Естественно, после школы меня встречает банда патриотов из расчета семеро против одного. Они выбивают из меня дерьмо и заставляют целовать их красно‑бело‑синий тотем. Дома не лучше. Мама — убежденная анархо‑пацифистка, ну там, Лев Толстой и все такое, и она вытягивает из меня признание, что я не отвечал ударом на удар. Мой папа — настоящий уоббли, радикал, и ему хотелось бы, чтобы хотя бы один из патриотов получил от меня сдачи. Сначала они полчаса дружно ругают меня, а следующие два часа ссорятся уже друг с другом. Бакунин сказал так, а Кропоткин сказал эдак, а Ганди сказал еще что‑то, а Мартин Лютер Кинг — спаситель Америки, да твой Мартин Лютер Кинг — проклятый идиот, который продает народу утопический опиум, и все в таком духе. Сходите в Уоббли‑Холл или в книжный магазин «Солидарность», и вы услышите там все тот же вечный и не затихающий спор на повышенных тонах и в самых крепких выражениях.

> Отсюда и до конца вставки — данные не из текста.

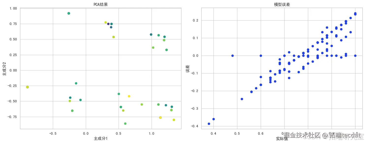 - 模型误差:展示了决策树模型的预测误差。每个点代表一个样本,其在图中的位置由实际满意度得分和预测误差决定。

Поэтому вряд ли вас удивит, что я начал слоняться по Уолл‑стрит, покуривать травку и очень быстро стал самым молодым и активным представителем так называемого поколения битников. Это не улучшило мои отношения со школьным руководством, но по крайней мере внесло некоторое разнообразие в весь этот ура‑патриотизм и анархизм. Но вот мне уже стукнуло семнадцать лет, Кеннеди убит, страна начинает трещать по швам, и мы больше не битники, мы теперь хиппи, и главное, что надо сделать, — это отправиться на Миссисипи. Вы когда‑нибудь были на Миссисипи? Знаете, что говорил доктор Джонсон о Шотландии? «Лучше всего говорить, что Бог создал ее с какой‑то целью, но ведь то же самое можно сказать и об Аде». Вычеркиваем Миссисипи; в нашем повествовании об этом больше ни слова. Следующая остановка — Антиохский колледж в старом добром Йеллоу‑Спрингс (штат Огайо), где по причинам, о которых вы скоро догадаетесь, я специализировался по математике. На прилегающей к колледжу территории бурно разрасталась конопля, и этот уголок дикой природы тянул нас, словно магнитом, к знаниям. Можно было выйти туда ночью, нарвать травки на неделю с женских конопляных растений, спать под звездами с женщиной — настоящей женщиной, а не растением, — затем проснуться поутру с птицами, кроликами и всей этой утраченной Америкой Томаса Вулфа: камень, лист, ненайденная дверь и все такое, а потом отправиться на лекцию, чувствуя легкость и желание учиться. Однажды я проснулся, когда по моему лицу бежал паук, и подумал: «Вот, по моему лицу бежит паук», — и бережно стряхнул его: «Ведь это и его мир». Хотя в городе я бы его убил. То есть я хочу сказать, что антиохская жизнь была сплошным кайфом, но она ничуть не подготовила меня к возвращению в Чикаго и к Химической Войне. Нет, до 1968 года я еще не нюхал газа «мейс», но зато умел читать знамения. Пусть они говорят вам, братья и сестры, что это загрязнение окружающей среды. Это самая настоящая Химическая Война. Они истребят нас всех ради лишнего доллара.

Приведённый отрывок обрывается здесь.